(Saved entries)

● ● ● ● ● ● ●

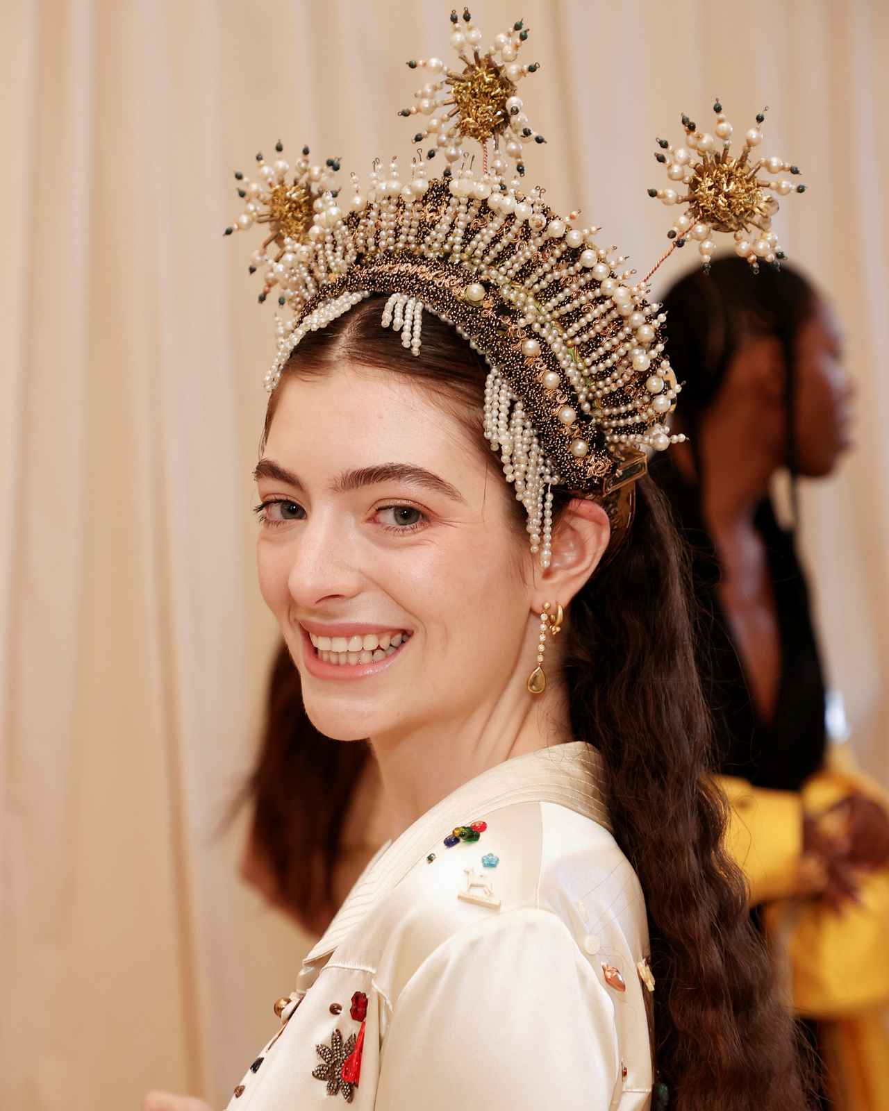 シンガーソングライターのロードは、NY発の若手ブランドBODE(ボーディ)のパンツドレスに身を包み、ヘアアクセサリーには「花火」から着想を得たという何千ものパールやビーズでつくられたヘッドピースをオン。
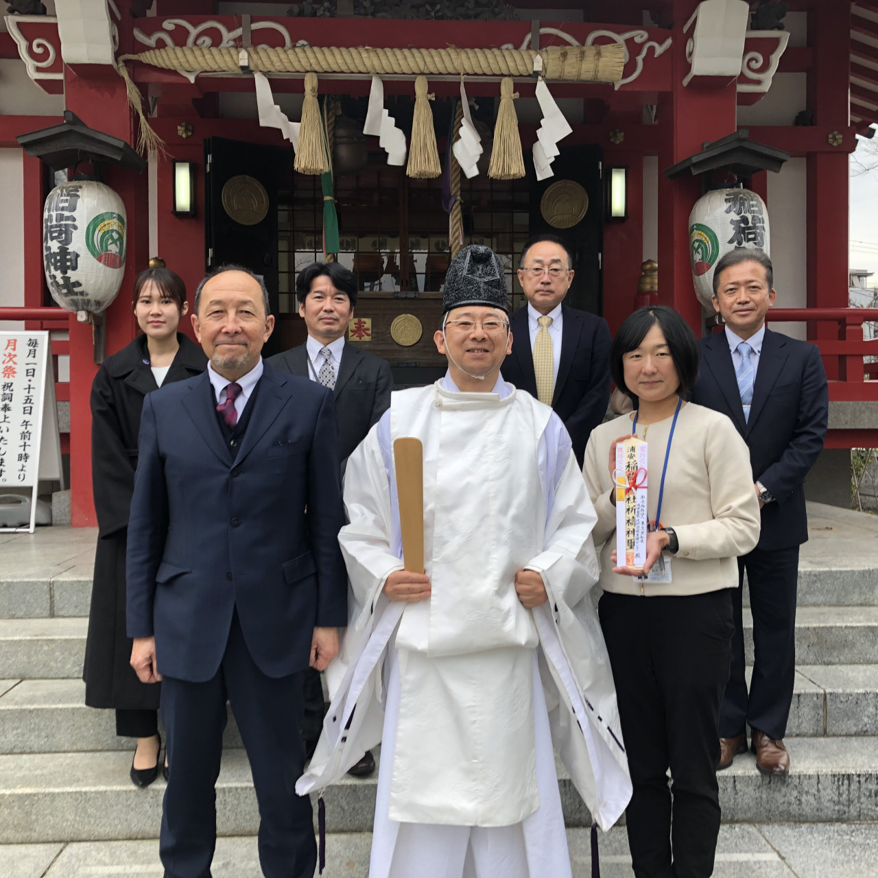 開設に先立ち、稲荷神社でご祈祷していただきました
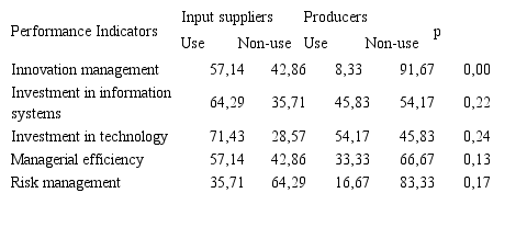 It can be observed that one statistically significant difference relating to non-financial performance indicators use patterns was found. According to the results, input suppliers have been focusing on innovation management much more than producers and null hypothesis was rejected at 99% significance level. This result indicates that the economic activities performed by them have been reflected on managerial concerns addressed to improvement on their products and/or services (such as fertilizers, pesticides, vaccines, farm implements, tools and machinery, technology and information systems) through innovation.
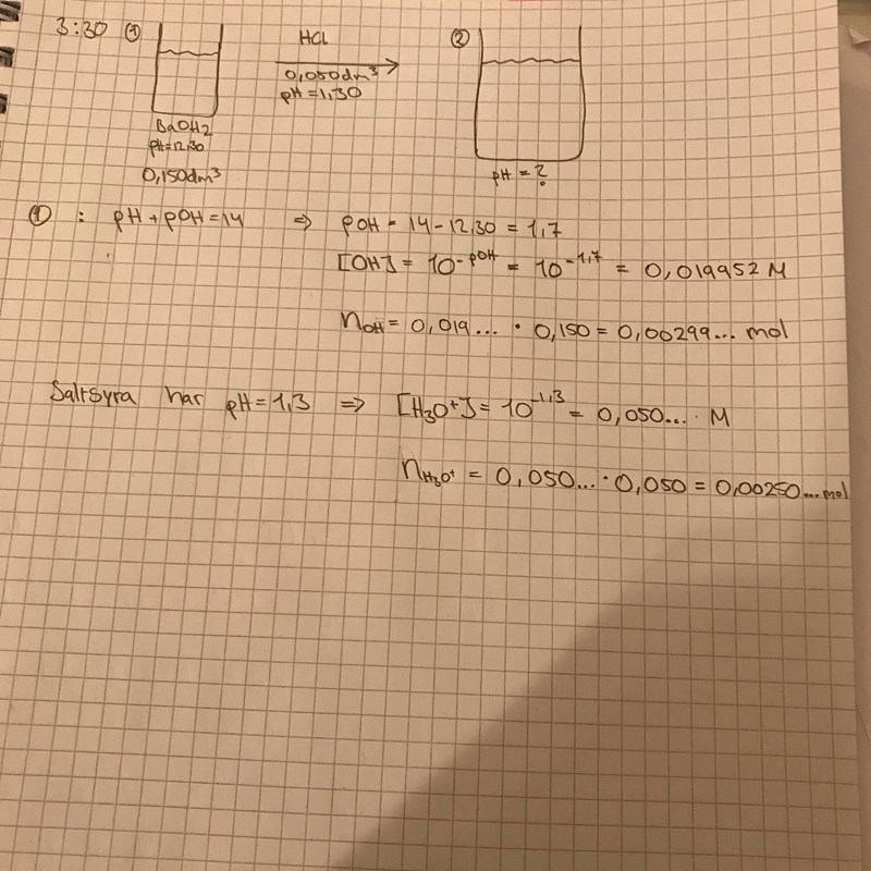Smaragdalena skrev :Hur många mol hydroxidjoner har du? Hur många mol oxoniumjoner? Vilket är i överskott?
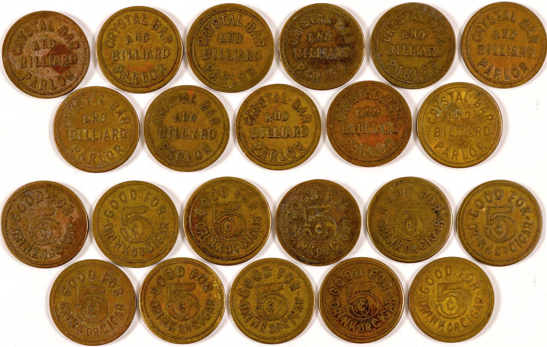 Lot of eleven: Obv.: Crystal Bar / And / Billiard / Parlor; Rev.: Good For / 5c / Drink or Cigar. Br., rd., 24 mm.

● ● ● ● ● ● ●

» **The task**: Print every line above once more, exactly. Omit the pictures.

» **Your solution**:
 シンガーソングライターのロードは、NY発の若手ブランドBODE(ボーディ)のパンツドレスに身を包み、ヘアアクセサリーには「花火」から着想を得たという何千ものパールやビーズでつくられたヘッドピースをオン。
 開設に先立ち、稲荷神社でご祈祷していただきました
 It can be observed that one statistically significant difference relating to non-financial performance indicators use patterns was found. According to the results, input suppliers have been focusing on innovation management much more than producers and null hypothesis was rejected at 99% significance level. This result indicates that the economic activities performed by them have been reflected on managerial concerns addressed to improvement on their products and/or services (such as fertilizers, pesticides, vaccines, farm implements, tools and machinery, technology and information systems) through innovation.
Smaragdalena skrev :Hur många mol hydroxidjoner har du? Hur många mol oxoniumjoner? Vilket är i överskott?
 Lot of eleven: Obv.: Crystal Bar / And / Billiard / Parlor; Rev.: Good For / 5c / Drink or Cigar. Br., rd., 24 mm.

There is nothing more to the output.